Julia Roberts nereye giderse gitsin, ünlü gülümsemesi bir odayı aydınlatıyor. Ancak 8 Mart Cuma günü Roberts, Los Angeles’ta farklı türde ışıltılı bir aksesuarla görüldü: tamamı zümrüt, turkuaz ve kiraz kırmızısı rubellitlerden yapılmış bir çift avize küpesi, yuvarlak bir yüzük ve basamaklı bir kolye. . Parçaları Carolina Herrera imzalı siyah fırfırlı etek ve beyaz gömlekle eşleştirdi.
Aktris, Batı Hollywood’daki Chateau Marmont’ta giydiği parure ve yarattığı markaya saygı duruşu niteliğindeki çok özel bir akşam yemeği için şehirdeydi. Üçlü set, Roberts’ın bir buçuk yıldır marka elçiliğini yaptığı Chopard ile birlikte tasarladığı kapsül koleksiyondan oluşuyor. Aktris, Roberts’ın gençliğinden beri sevdiği bir taş olan turkuaza renkli bir övgü olan parçalar üzerinde Fransız kuyumcunun sanat yönetmeni ve eş başkanı Caroline Scheufle ile yakın işbirliği içinde çalıştı.
Roberts, “Turkuaz dikkatimi çeken ilk taşlardan biriydi” dedi. W Chopard yemeğinin dışında halının üzerinde fotoğraf çektirdikten sonra. “Bunun kaç farklı versiyonunun olduğunu gördüm; mavi olanlar ve yeşil olanlar vardı ve bunların arasından bazı şeylerin ipliklerini görebiliyordunuz. Çok yorumlayıcı ve büyülü görünüyordu. Bu koleksiyona gerçekten beğendiğim bir şeyi dahil etmekten bahsettiğimde turkuaz dedim ve bence bununla ilgilenmeleri harika.”

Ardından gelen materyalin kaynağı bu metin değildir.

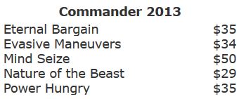 No wonder the Commander 2014 decks sell for more! The above data also reveals the sixth and final outlier: the Mind Seize deck from Commander 2013. Why is this one an outlier? One reason:
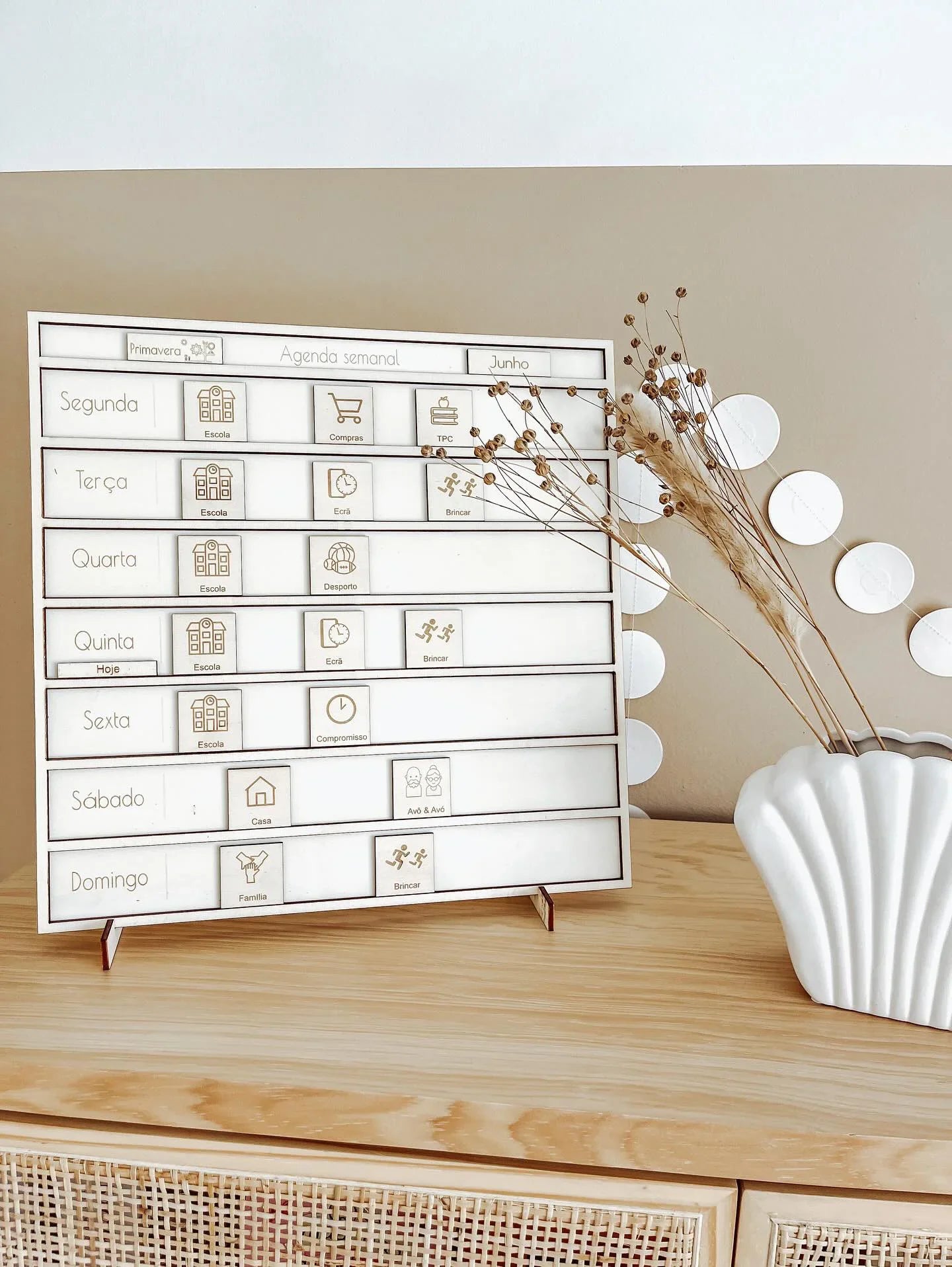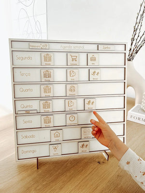 As crianças muitas vezes têm pouca noção do tempo e perguntam frequentemente o que vai acontecer a seguir e quando. Elas gostam de ter controle sobre o seu dia ou semana. Com esta prática agenda semanal, as crianças podem facilmente ter uma visão clara da sua agenda diária e semanal.

Julia Roberts gibi bir onur konuğu mutlaka yanında bazı yıldız arkadaşlarını da getirecektir; Cuma akşamı partide Oscar ödüllü oyuncuya katılan kişi Elton John’du. Müzisyen kalabalığa, “Bu akşam yemeğinden o kolyeyle ayrılırsa şanslı olacak çünkü ben onun yanında oturuyorum” dedi. “Gözüm onda.”
Akşam yemeği sırasında doğaçlama bir defilede Scheufle’un özel tasarım elbise tasarımları (CEO aynı zamanda özel bir tasarımcıdır) ve kelimenin tam anlamıyla düzinelerce çarpıcı elmas ve zümrüt parçası yer aldı. Bütün gece kafa kafaya çalışan John ve Roberts’ın, modeller caka satarak geçerken ağızları açıktı.
Yine de oyuncu her türlü olağanüstü parçaya yabancı değil. Roberts, hayatının çoğunu kırmızı halılarda kaliteli mücevherler ve haute couture takarak geçirmiş olabilir, ancak kendisine hediye edilen ilk mücevher parçası çok daha mütevazıydı.
“Bu, ben yedi yaşındayken babamdan gelen bir yüzüktü” diye anımsıyor. “Benim doğum taşımın olduğu küçük bir altın bant vardı – Ekim – ama opal değildi, küçük pembe bir mücevherdi.” (Bilinmesi için, artık elinde değil ve yokluğundan yakınıyor.)
Mücevher koleksiyonunun en değerli parçası, babasının yıllar önce ona verdiği biblo kadar sade ama anlamlı. “Bu benim evlilik yüzüğüm olacak” dedi.